One of my favorite photos of Rex - waiting for the rain to stop so we can go on a walk.
One of my favorite photos of Rex – waiting for the rain to stop so we can go on a walk.

I was capturing little things that were happening either during our walks or in the ritual of taking him to the backyard to pee and poop so he wouldn’t do it on the walk. And I realized these little things meant something to me in a symbolic way. And as a writer, I welcomed them, which is also another way of both distancing myself from what was happening and wanting to capture what was happening. I allowed myself to rejoice in these moments – did this mean I was maturing as a writer for noticing these seemingly simple acts such as dogs barking or making connections out of them?

I wanted something out of my grief. Perhaps that was what was at the heart of the matter. I wanted to write and record. I wanted to pay tribute to a dog whom we rescued from the Berkeley Animal Shelter, who was such a difficult puppy and adult because he couldn’t get along with other dogs and was strong-willed, who was wonderful with people, who became my office mate when our older dog, Bailey, passed away, who was really my dog through all the good and difficult times. I wanted to sort out my feelings in a coherent way, which I feel I am not doing in this post! I write for all these reasons.

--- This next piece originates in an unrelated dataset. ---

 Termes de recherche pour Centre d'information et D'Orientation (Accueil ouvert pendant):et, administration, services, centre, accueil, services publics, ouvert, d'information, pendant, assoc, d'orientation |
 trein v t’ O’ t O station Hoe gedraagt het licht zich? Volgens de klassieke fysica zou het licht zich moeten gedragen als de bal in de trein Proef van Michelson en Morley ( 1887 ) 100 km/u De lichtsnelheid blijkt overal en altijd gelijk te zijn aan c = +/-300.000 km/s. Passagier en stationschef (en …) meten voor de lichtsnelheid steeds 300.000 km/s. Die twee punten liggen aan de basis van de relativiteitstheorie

I have an urge to delete everything but the first paragraph and just simply present the poem and leave it at that. But whether it’s a good decision or not, especially since I’m not going to reread what I wrote, I’m going to leave it as is to record this moment in time. This is, after all, a blog post. All this to say, I miss Rex terribly, the grief is unbearable, but writing has been healing and I have this poem that captures the moment. It is why I write.

Last month with Rex.
Last month with Rex.

To the Ranch

For Rex (2001-2015)

Just last week, you raced around our cramped backyard,
leapt over the brick borders like a hurdler,
like you used to do when you were younger, invincible, incorrigible.

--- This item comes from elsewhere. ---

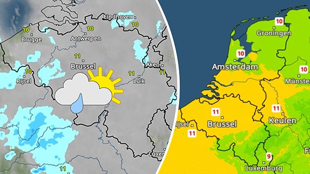 Vandaag is het in de middag en avond bewolkt en het regent. De temperatuur bedraagt momenteel 13 graden en koelt later tot ongeveer 11 graden af.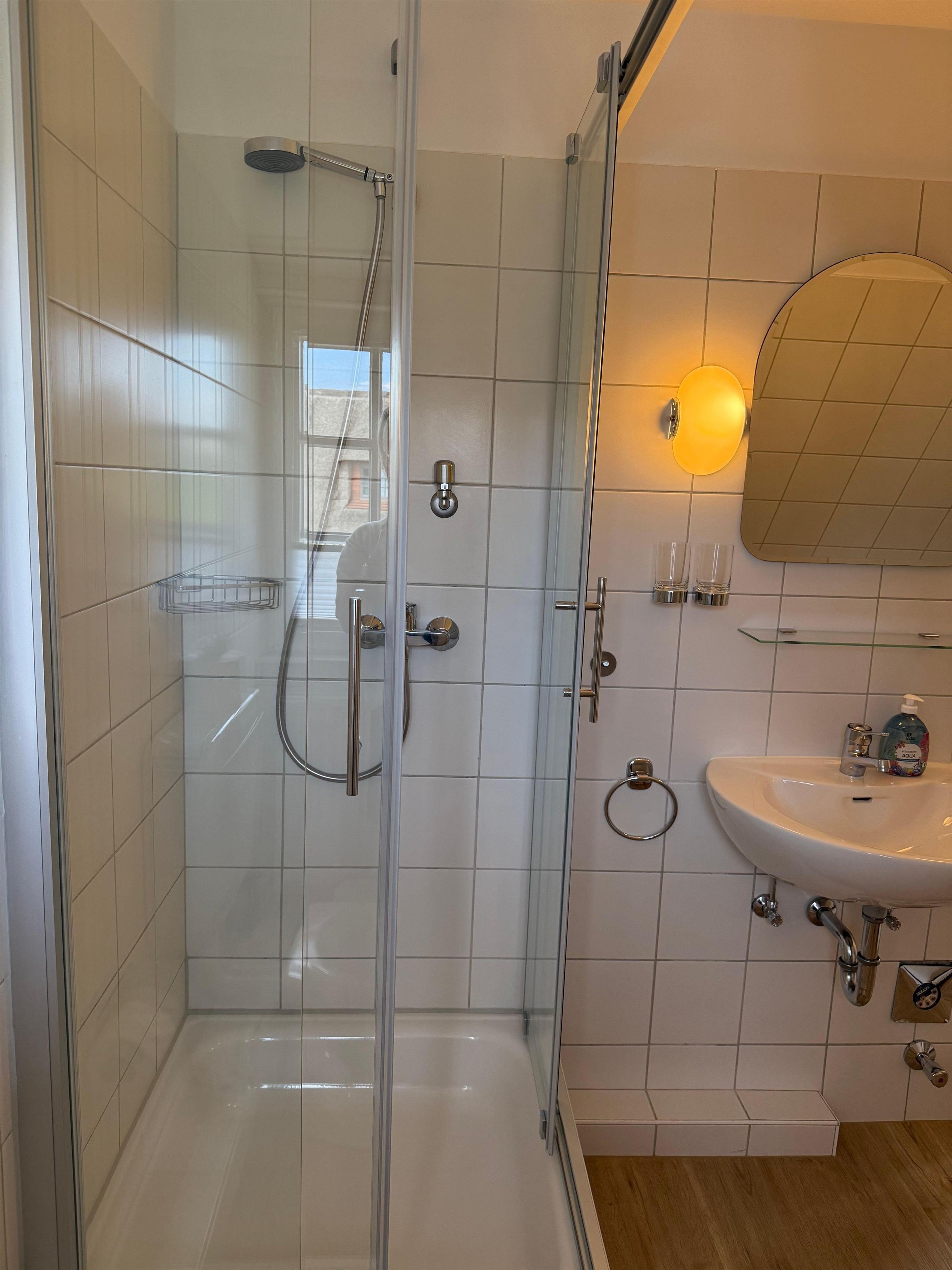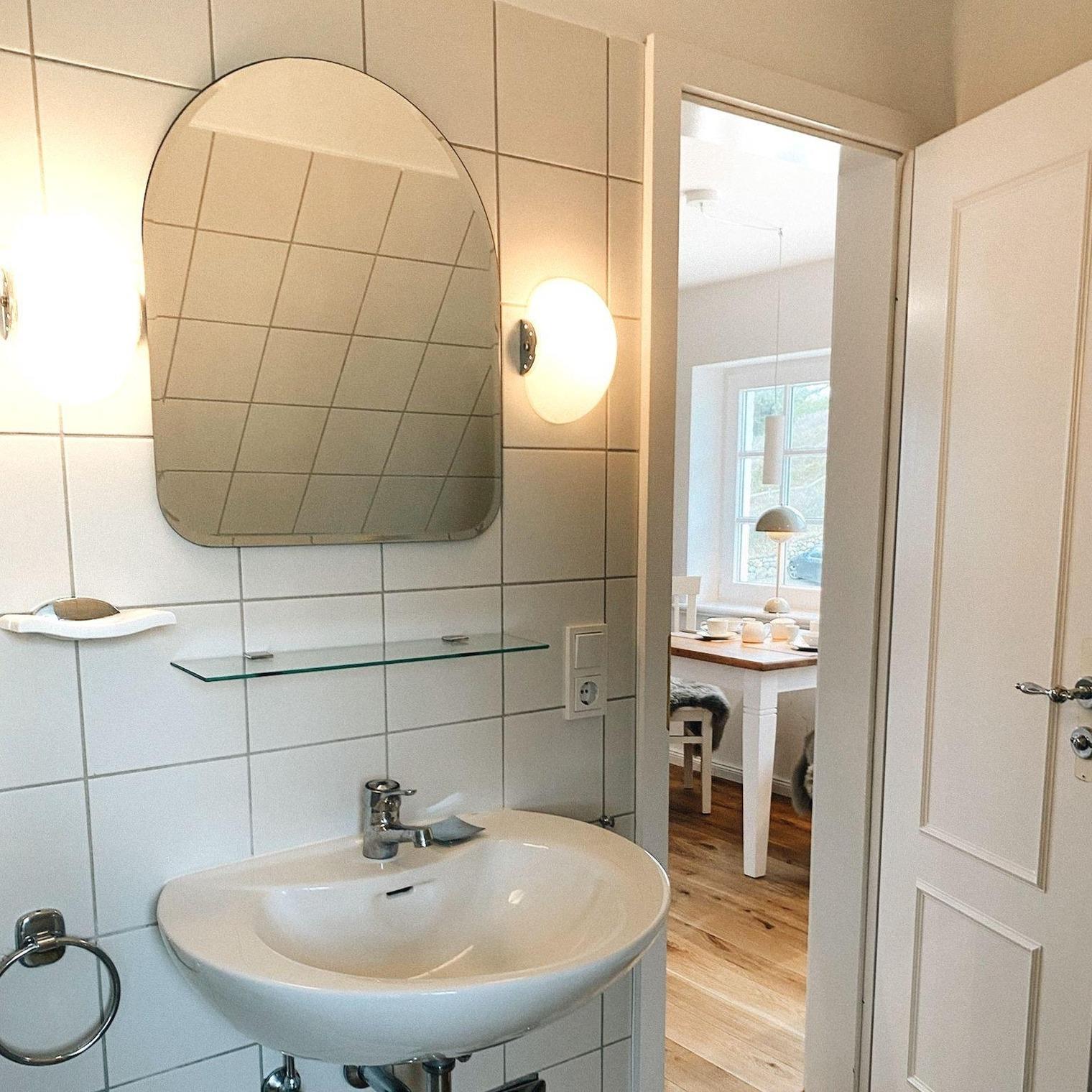 Bad mit Dusche, WC, Föhn und Sprossenfenster mit Blick aufs Meer (Wattseite)

Back then, years ago, as I watched you streak across the dirt garden,
Whipping past the overgrown Bird of Paradise, and slaloming
in and out of the ancient magnolia trees and fence, you were letting us know
you were meant to live on a ranch, not the suburbs.

But you are dashing now, turning back to look at me, pointedly,
this time as if to say, I know what you are thinking,
I know what your silences, your eyes are saying.
I still chase after squirrels until they scurry up the telephone poles.
And did you take note that I did not back down,
just as I did when I was much younger,
when that cat lunged after me on our walk last week?

Yes, I saw. I see now.

When we walked late this afternoon, I looked around
the neighborhood in wonder. You heard them, too –
the German Shepherd making its way to the front of the two-story house,
the French bulldog in the picture window, the terrier crashing the fence,
the trio of pugs and their clockmaker owner on the street corner –
all barking at you, urgent, insistent.
A chorus, a symphony, on every block.
What were they telling you? That you have a good life?
That you are having a good walk, a good journey,
And soon, very soon, you will have all the spaces you need to roam?

You didn’t even look up at them. You charged forward,
stumbling, then untangling your hind legs,
pulling on the leash, pulling us home.